#### Data ####

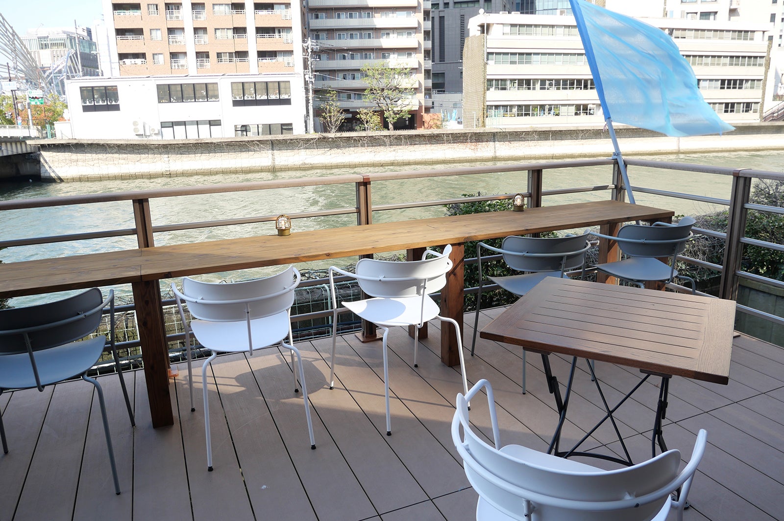 土佐堀川を見下ろすリバービューのテラス席と屋内のカフェスペースがあり、東京よりもゆったりした空間で腰を据えてフルーツサンドやハニートースト、プリンアラモード、パフェ、ボトルドリンクなどを味わえる。(女子旅プレス/modelpress編集部)
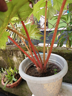 The Main Characteristics here I want to emphasise is the Yellow Green Foliage with specially the Red round furry Petioles. The leaves can grow huge and in star shaped features. This one does not have any black coloration on its leaves. The other counterpart has yellow furry petioles.
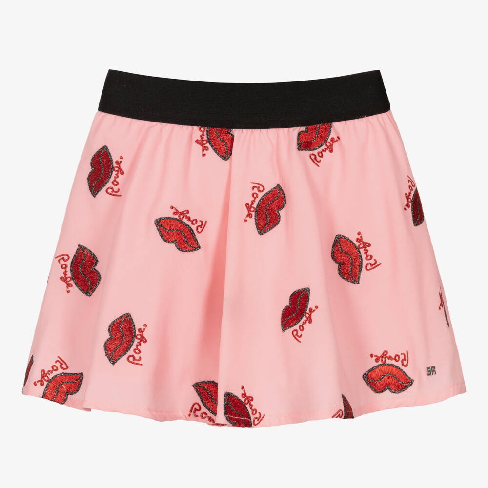 Fun pink skirt for girls by Sonia Rykiel Paris, made in soft lightweight chiffon. Creating an eye-catching statement, it is pattened with red and sprakly black embroidered lips with the word 'Rouge' in red. Fully lined, with an added layer of soft tulle, it has a black elasticated waistband.
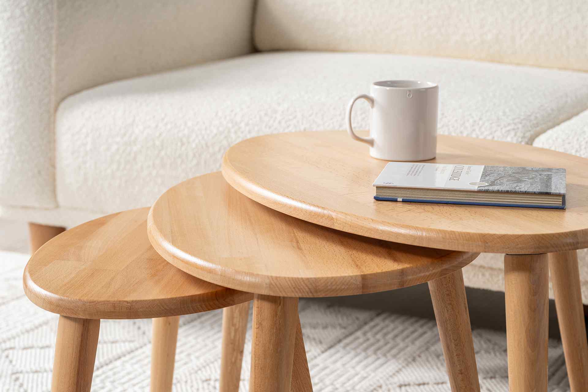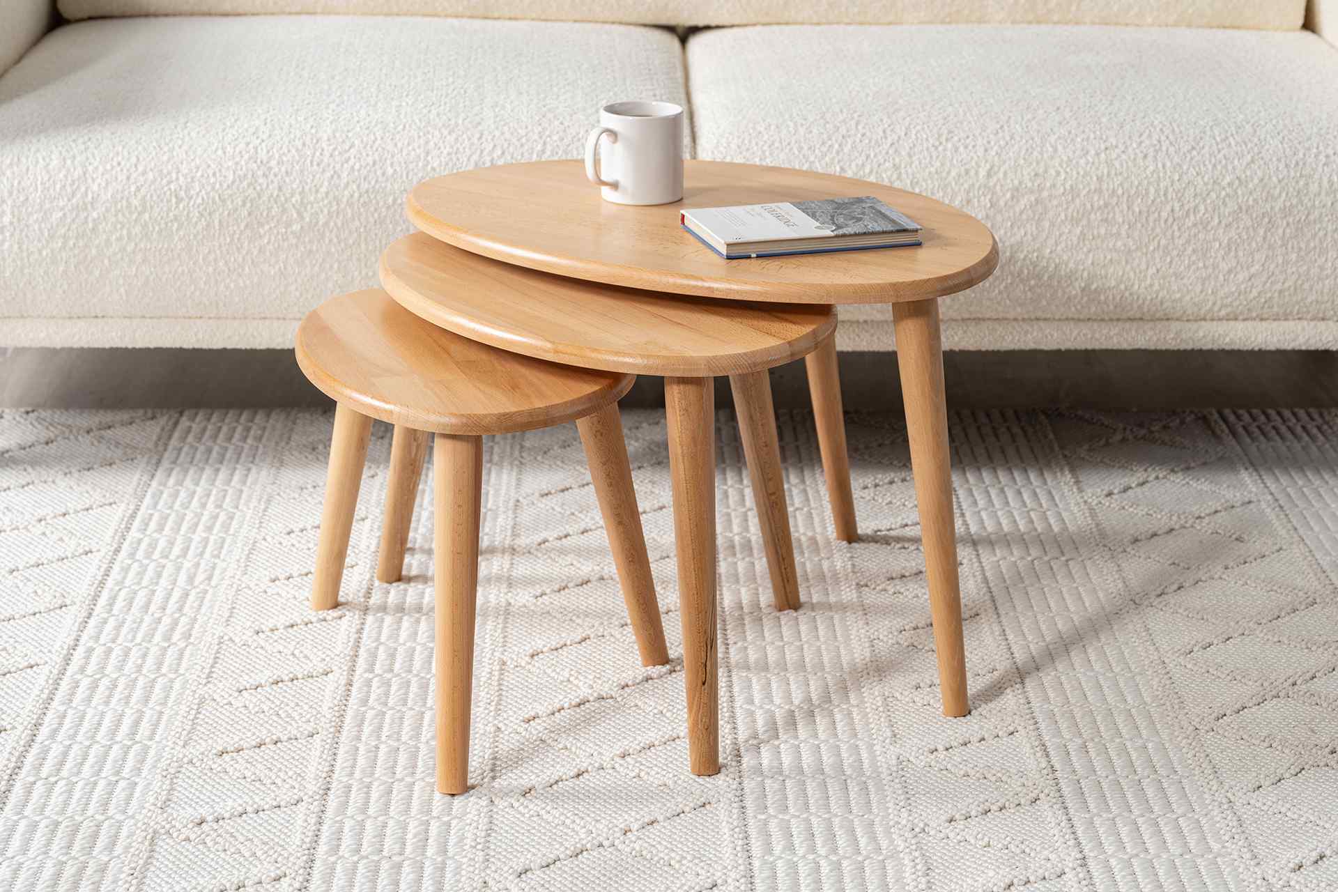 Das Valens Satztisch-Set vereint natürliche Eleganz mit praktischer Nutzbarkeit. Jedes der drei Tische wurde sorgfältig gestaltet, um Ihrem Wohnraum eine warme und stilvolle Note zu verleihen.
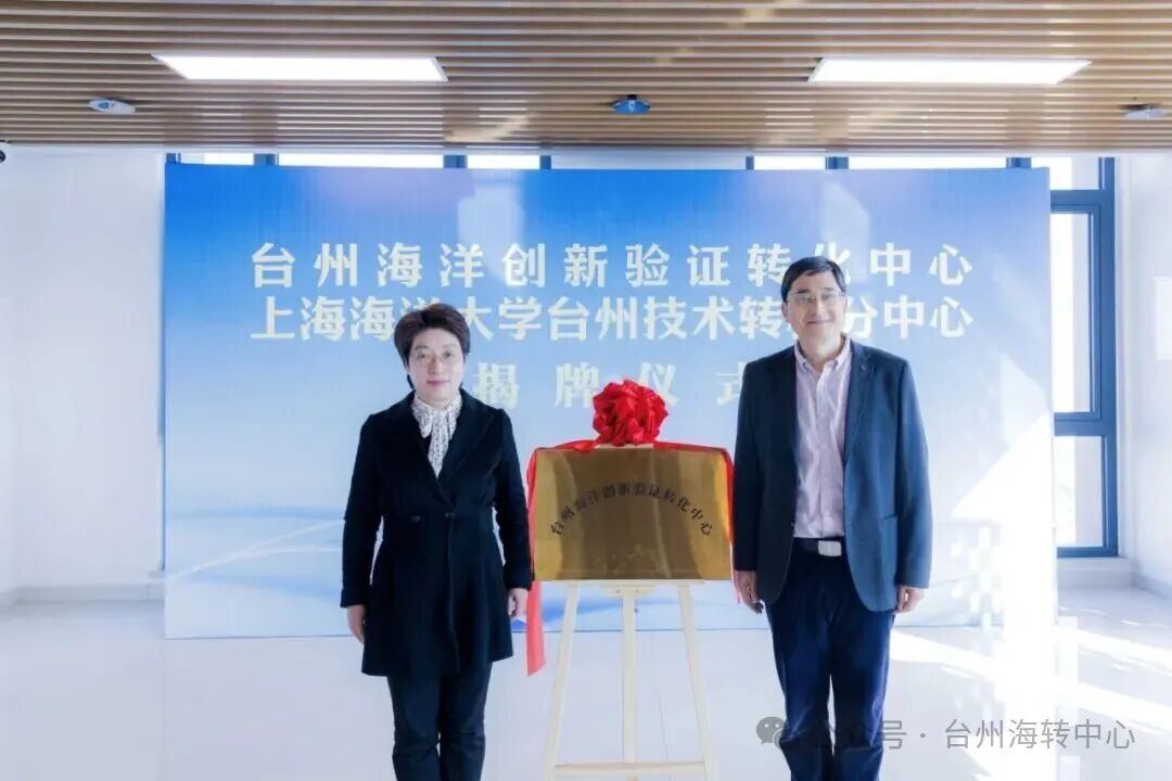 仪式现场,杨玲玲、朱坚为台州海洋创新验证转化中心揭牌,罗轶、朱坚为上海海洋大学台州技术转移分中心揭牌。
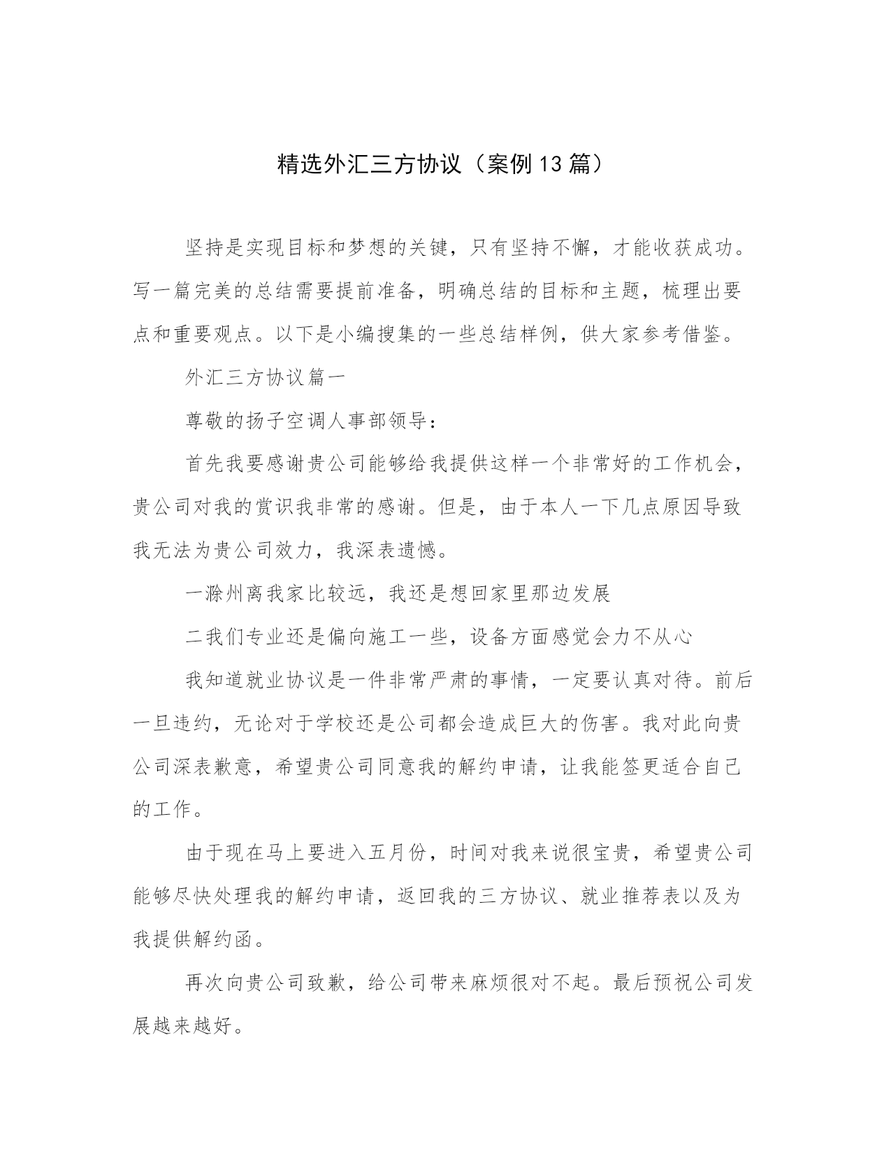 精选外汇三方协议(案例13篇)坚持是实现目标和梦想的关键,只有坚持不懈,才能收获成功。写一篇完美的总结需要提前准备,明确总结的目标和主题,梳理出要点和重要观点。以下是小编搜集的一些总结样例,供大家参考借鉴。外汇三方协议篇一尊敬的扬子空调人事部领导:首先我要感谢贵公司能够给我提供这样一个非常好的工作机会,贵公司对我的赏识我非常的感谢。但是,由于本人一下几点原因导致我无法为贵公司效力,我深表遗憾。一滁州离我家比较远,我还是想回家里那边发展二我们专业还是偏向施工一些,设备方面感觉会力不从心我知道就业协议是一件非

####

◆ **Exercise description**
Only the lines from the one containing "Das Valens Satztisch-Set" to the end of the listing belong in the answer, exactly as they stand and with no pictures.

◆ **Written solution**
 Das Valens Satztisch-Set vereint natürliche Eleganz mit praktischer Nutzbarkeit. Jedes der drei Tische wurde sorgfältig gestaltet, um Ihrem Wohnraum eine warme und stilvolle Note zu verleihen.
 仪式现场,杨玲玲、朱坚为台州海洋创新验证转化中心揭牌,罗轶、朱坚为上海海洋大学台州技术转移分中心揭牌。
 精选外汇三方协议(案例13篇)坚持是实现目标和梦想的关键,只有坚持不懈,才能收获成功。写一篇完美的总结需要提前准备,明确总结的目标和主题,梳理出要点和重要观点。以下是小编搜集的一些总结样例,供大家参考借鉴。外汇三方协议篇一尊敬的扬子空调人事部领导:首先我要感谢贵公司能够给我提供这样一个非常好的工作机会,贵公司对我的赏识我非常的感谢。但是,由于本人一下几点原因导致我无法为贵公司效力,我深表遗憾。一滁州离我家比较远,我还是想回家里那边发展二我们专业还是偏向施工一些,设备方面感觉会力不从心我知道就业协议是一件非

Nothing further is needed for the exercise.